Background technology
RP technique is born in the late 1980s, is a kind of high coming of new skill based on material stacking method
Art, it is considered to be manufacture a great achievement in field in recent years.It collects mechanical engineering, CAD, reverse Engineering Technology, layering system
Make technology, Numeric Control Technology, material science, laser technology, automatically, directly, quickly and accurately can turn design philosophy
It is changed into prototype or direct manufacturing parts with certain function, so as to be the side such as part prototype, verification of new design philosophy
Face provides a kind of realization rate of high efficiency, low cost.That is, RP technique is exactly the data using three-dimensional CAD, by fast
Fast forming machine, by material stacking from level to level into physical prototypes.

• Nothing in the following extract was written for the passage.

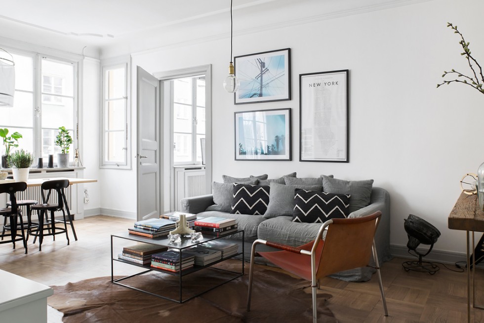 In dit kleine Scandinavisch appartement vind je hele leuke knusse hoekjes!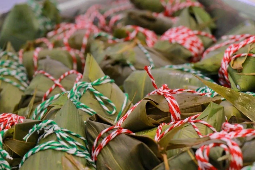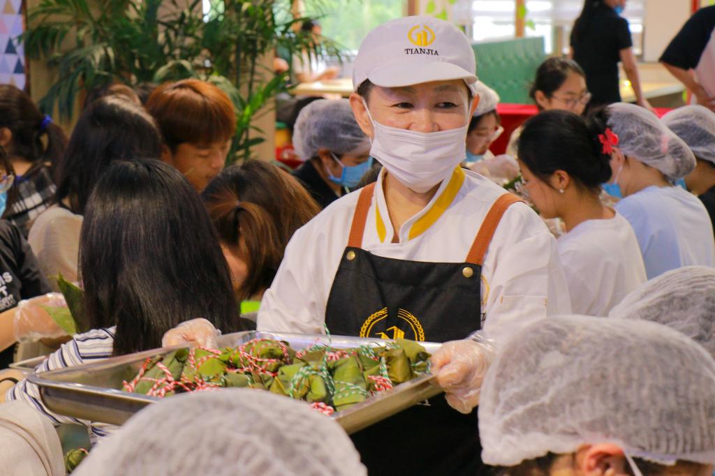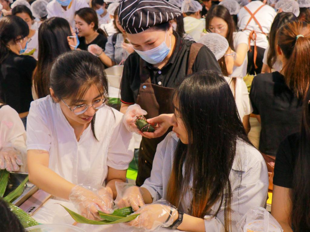 “太有意思了!这是我第一次自己包粽子!”就在刚刚,来自核装备与核工程学院的高鸿宇在工作人员的耐心帮助下成功包出了一个棱角分明、翠绿精致的粽子。原来,为了让同学们获得更好的活动体验,饮食服务中心特地在每个桌位都安排了餐厅工作人员作为“粽子指导师”进行现场指导。粽叶香下,气氛融融,欢声笑语不断,大家各展所长,相互交流包粽诀窍,三角形的、菱形的,各式各样,不一会儿,一堆堆形态各异的新鲜粽子就呈现在眼前,随后入锅慢蒸,馥香四溢。此外,学校多个餐厅还免费向学子们送上香粽,小小的绿色三角承载着暖暖的烟大温情。

3D printing is a kind of rapid shaping technique, and it combines computer graphical processing, digital information and control, laser
The advantage of the multinomial technology such as technology, mechanical & electrical technology and material technology, can pass through modeling software or three-dimensional by the physical form of product
Scanner is converted into 3-dimensional digital three-dimensional model, with delamination software that this model is discrete in Z axis, forms a series of with specific thickness
The thin layer of degree, then using various methods by this series of thin layers successively heap come, eventually pass appropriate post-processing approach,
Obtain required product.This forming method does not need mould, eliminates the processes such as mold design, manufacture and matched moulds, the demoulding,
Research and development and manufacturing cycle are significantly shorten, the cost of product is reduced.

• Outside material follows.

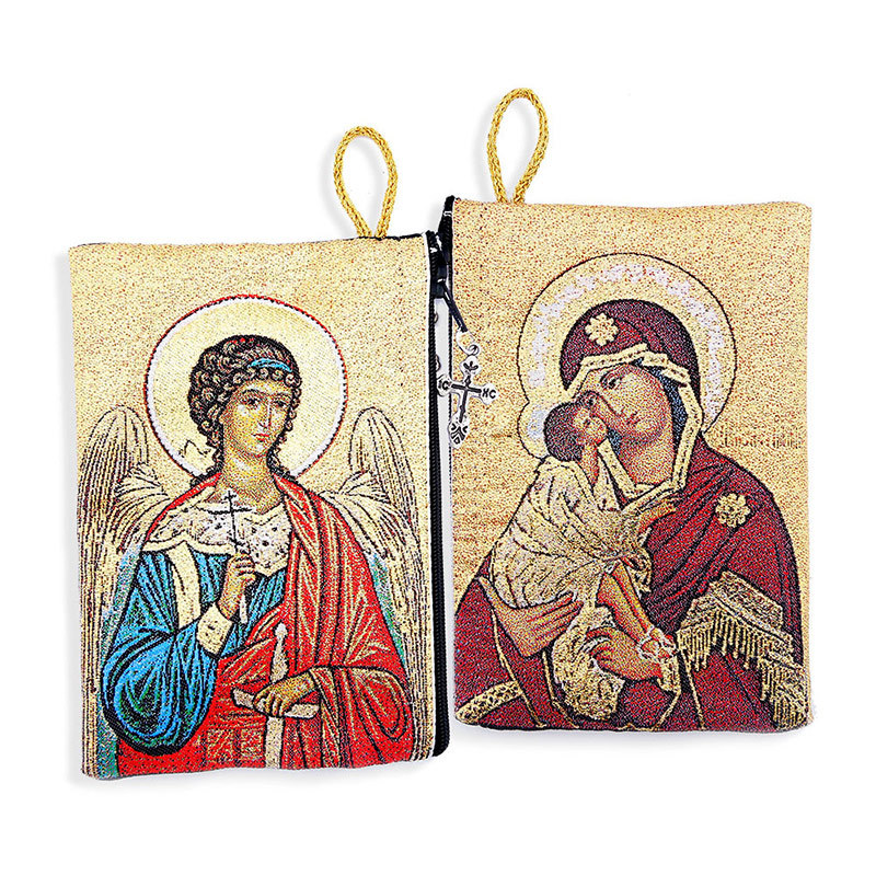 An attractive and affordable choice for gift presentations to friends, students, and parish members!This Two Sided Rosary Pouch features on one side a icon of Saint Michael the Archangel holding his sword, and a classic Orthodox style icon of the Madonna and Child on the other side. This is a beautiful way to store your most precious rosary or other religious jewelry. Woven with shimmering strands of gold, this lined and zippered tapestry pouch. 4" x 5 1/2". Set of 6, rosary not included. For other gifts for the faithful including beautiful Rosary Pouches, shop Monastery Icons.

3D printing can be divided into two major classes:The first kind is the forming method based on laser technology, such as stereolithography (Stereo
Lithography Apparatus, SLA), quires layer (Laminated Object Manufacturing, LOM), selectivity
Laser sintered (Selective Laser Sintered, SLS), selective laser melting (Selective Laser Melted,
SLM) etc.;Equations of The Second Kind is the forming method of non-laser technology, such as fuse deposition (Fused Deposition Modeling,
FDM), mask photocuring (Mask Stereo lithography, MS), impact particulate manufacture (Ballistic Particle
Manufacturing, BPM), entity grinding solidification (Solid Ground, SGC) etc..Technology difference material therefor is then completely not
Together, for example:Fuse deposition (FDM) technical operation is simple, and material used is mainly environmental protection macromolecule material, for example:PLA、
PCL, PA, ABS, PC, PVC etc..At present, the 3D printing moulding material that in the market is sold is monopolized by offshore company substantially, price
Height, serious restriction 3D printing technique popularizing in China.
The content of the invention
Problem to be solved by this invention is to provide a kind of preparation method of 3D printing nano composite material.

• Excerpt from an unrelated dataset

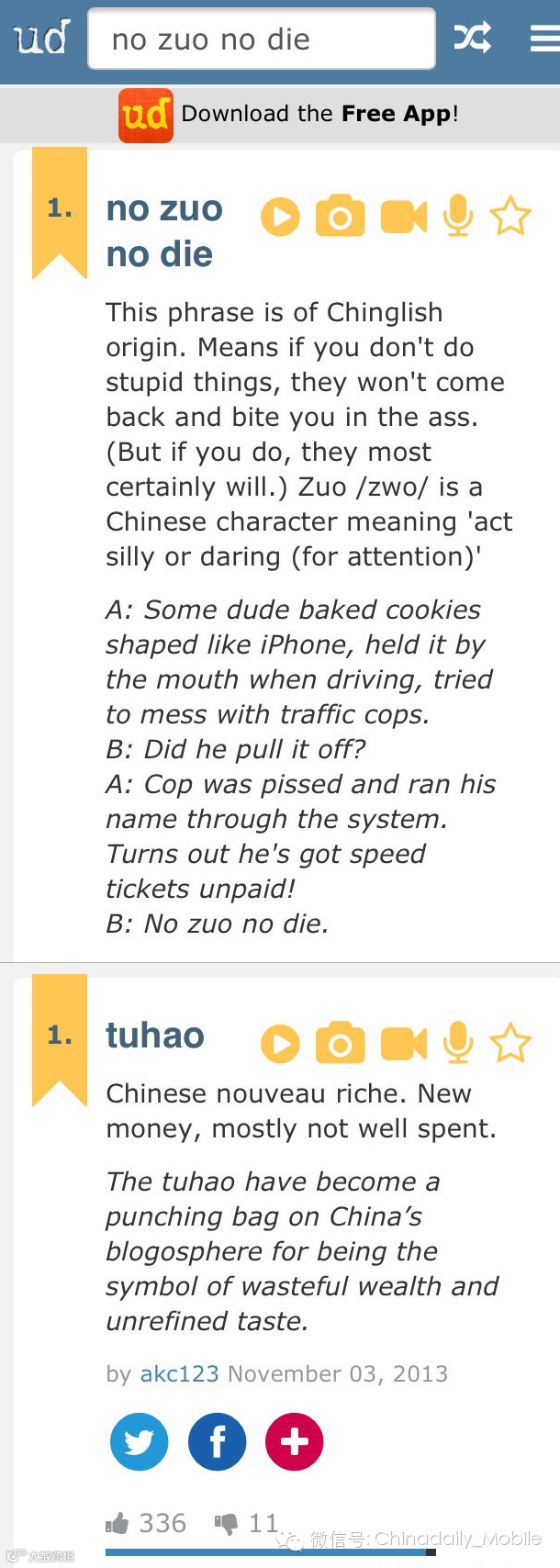 除了媒体,另一条向英文读者介绍中文新词的重要途径是一个稍稍有点恶搞意味的网站urbandictionary.com。这个网站专门介绍英文俚语,任何人都可以提交新词,因此出现了许多中文网络流行词,比如tuhao和no zuo nodie。

To achieve these goals, the technical scheme taken of the present invention is:
A kind of preparation method of 3D printing nano composite material, comprises the following steps:
(1) prepared by plastics
Preliminary crushing is carried out to waste plastic with duroplasts disintegrating machine, will be broken followed by batch type plastic cleaning machine
The waste plastic of broken mistake carries out thoroughly cleaning, removes the dirt on surface, after natural air drying is selected, and selected plastics are made;
(2) prepared by hydroxy acrylic acid copolymer resins
Selected plastics, polyvinyl alcohol, methyl methacrylate, butyl acrylate, initiator and water are mixed, heating response
Filtered afterwards, obtain hydroxy acrylic acid copolymer resins;
(3) melting
It is 1500~1600 DEG C that raw metal is carried out into melting, smelting temperature, and smelting time is 2~3h, and slag hitting is with obtained
Metallic slurry;
(4) prepared by alloying pellet
The metallic slurry is subjected to ultrasonic atomizatio processing, condensed so that alloying pellet is made;
(5) static pressure
By the alloying pellet carry out static pressure processing be made medical 3D printing metal dust, static pressure processing pressure be 250~
350MPa, static pressure processing time is 10~15h;
(6) it is modified
Surfactant is dissolved in organic solvent and forms the surfactant solution that concentration is 1.5~3.5g/L, will be received
Ground rice end reinforcing material is added in the surfactant solution, and 30~60min of ultrasonic agitation forms modified nanometer powder and increased
Strong material suspension;
(7) mix
By above-mentioned modified nanometer powder reinforcing material suspension, alloyed metal powder, organic solvent and hydroxy
After sour copolymer resins powder is uniformly mixed, and rotating speed is put into be ground 5~9 hours in 3500~4000 turns/min grinder,
Then supercritical drying is carried out, mixed-powder is obtained;
(8) ball milling
Above-mentioned mixed-powder and binding agent are uniformly mixed, simultaneously ball milling 1~2 hour, shape are then mixed with low temperature curing agent
Into nano composite material, the solid content of the nano composite material is 75~85%.
It is preferred that, selected plastics low-temperature grinding is crossed the sieve of 300~400 mesh by the step (2).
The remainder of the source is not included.